Supplied material>
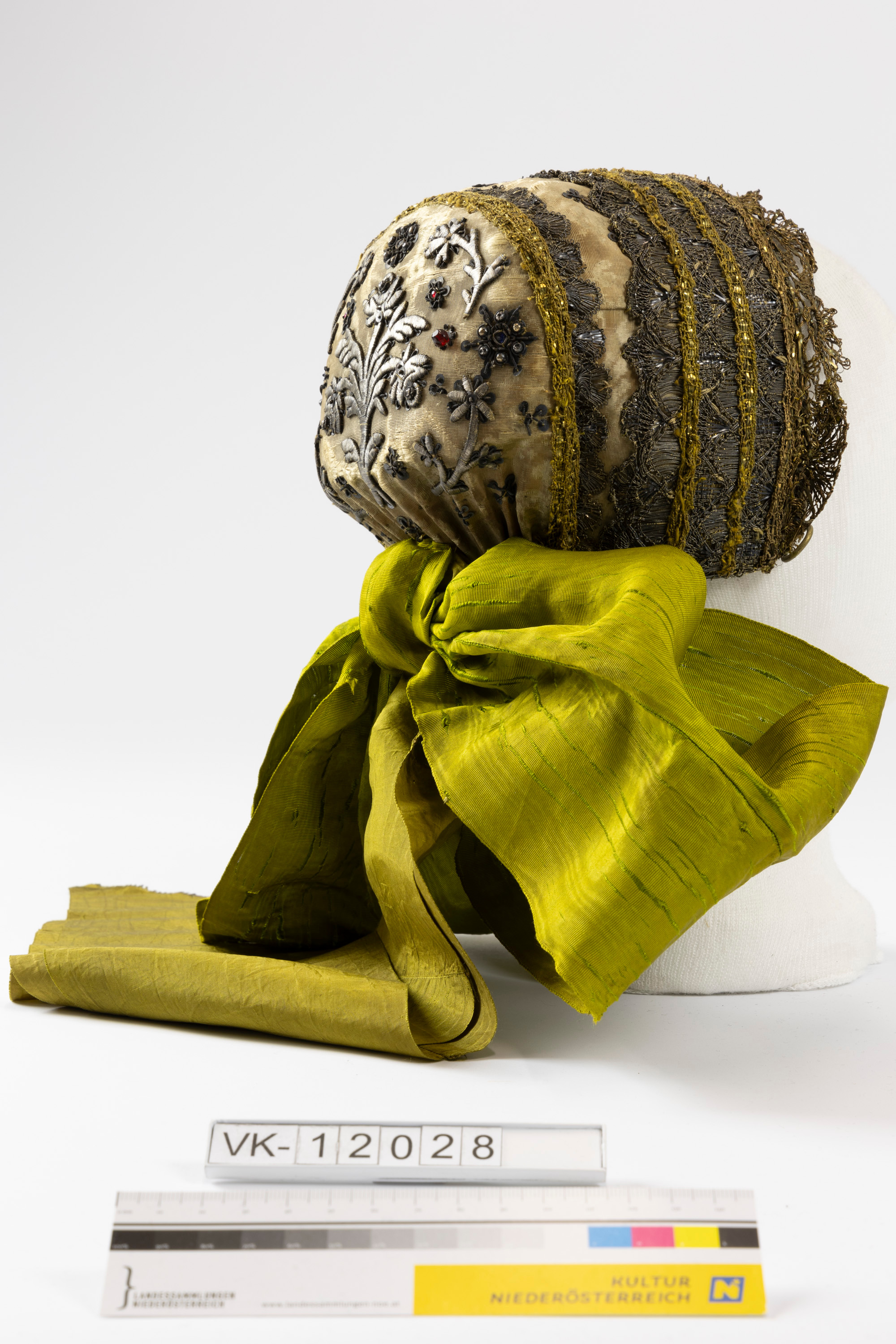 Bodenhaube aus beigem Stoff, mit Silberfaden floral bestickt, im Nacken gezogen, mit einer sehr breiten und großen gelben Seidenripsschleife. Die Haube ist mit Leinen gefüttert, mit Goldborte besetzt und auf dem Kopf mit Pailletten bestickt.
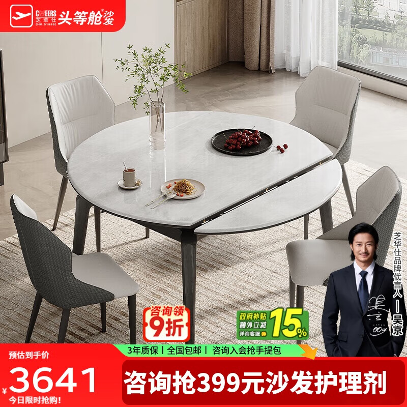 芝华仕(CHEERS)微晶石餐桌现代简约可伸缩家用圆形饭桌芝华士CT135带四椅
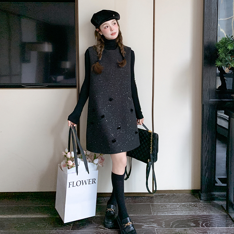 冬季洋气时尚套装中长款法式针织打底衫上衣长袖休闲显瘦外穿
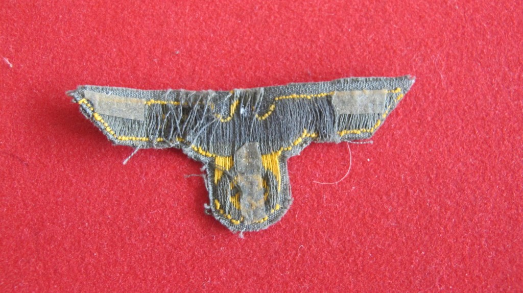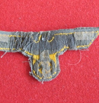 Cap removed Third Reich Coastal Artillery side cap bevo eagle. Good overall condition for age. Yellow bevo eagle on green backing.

...

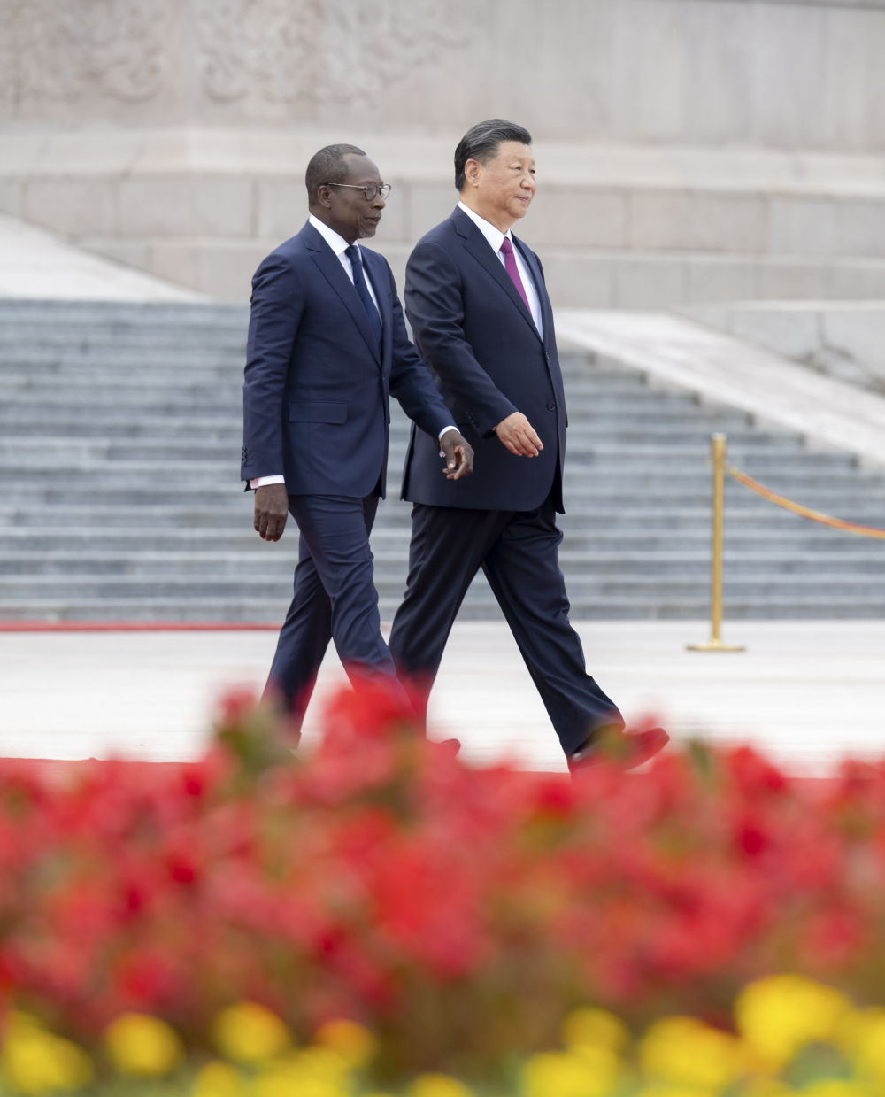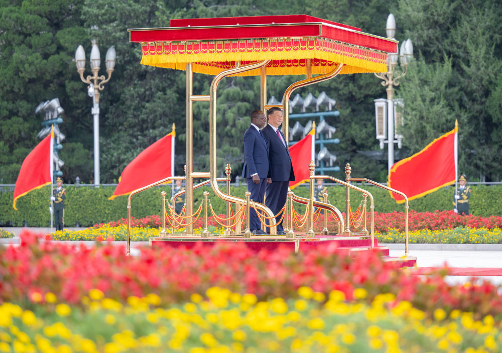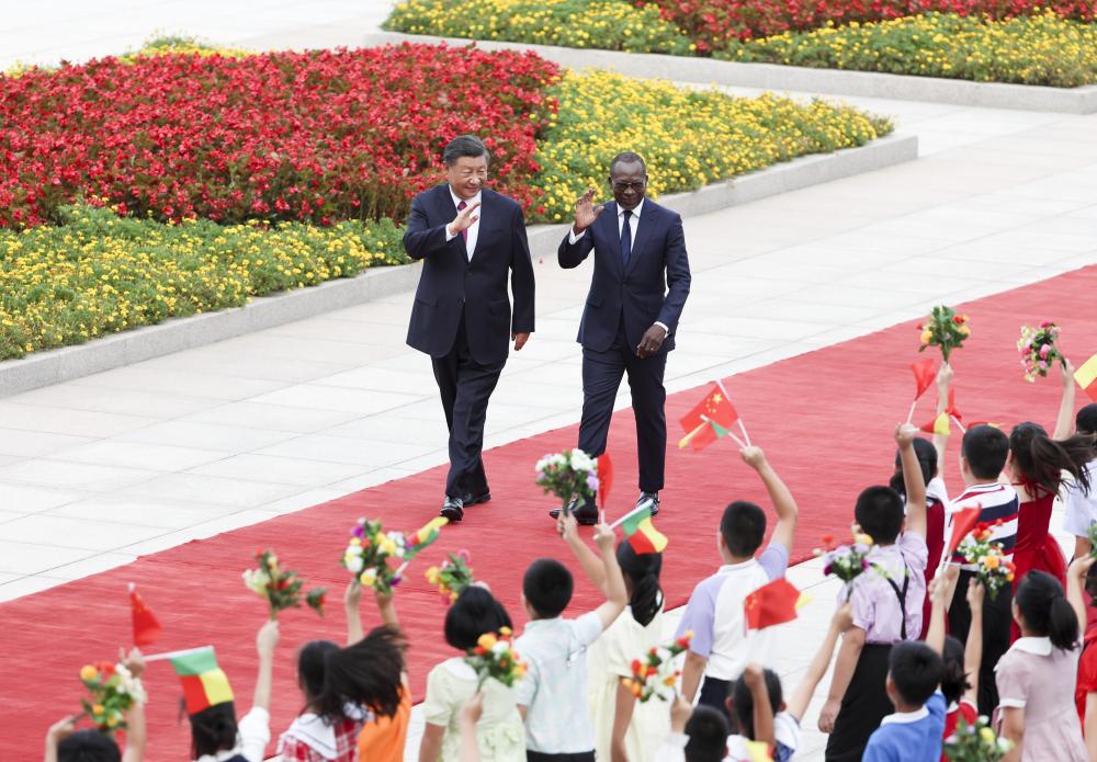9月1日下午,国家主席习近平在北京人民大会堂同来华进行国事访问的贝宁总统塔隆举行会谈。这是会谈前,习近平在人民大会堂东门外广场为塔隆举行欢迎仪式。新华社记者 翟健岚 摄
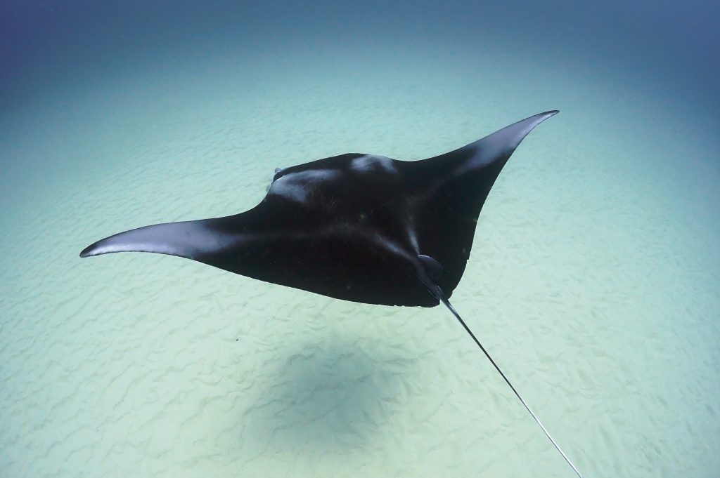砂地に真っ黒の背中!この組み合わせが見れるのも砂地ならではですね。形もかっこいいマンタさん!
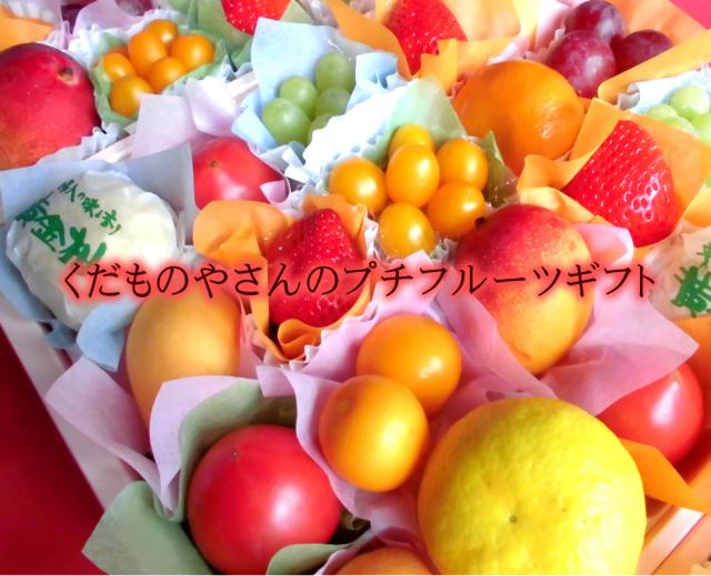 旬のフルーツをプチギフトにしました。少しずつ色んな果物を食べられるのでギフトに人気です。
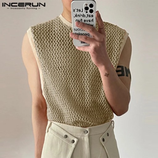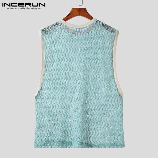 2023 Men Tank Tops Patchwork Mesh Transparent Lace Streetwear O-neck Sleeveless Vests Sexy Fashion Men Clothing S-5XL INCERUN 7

About this task> From the material above, reproduce only what runs from the line holding "冬季洋气时尚套装中长款法式针织打底衫上衣长袖休闲显瘦外穿" down to the line holding "Cap removed Third", both included, pictures excluded.

Solution>
 冬季洋气时尚套装中长款法式针织打底衫上衣长袖休闲显瘦外穿
 Cap removed Third Reich Coastal Artillery side cap bevo eagle. Good overall condition for age. Yellow bevo eagle on green backing.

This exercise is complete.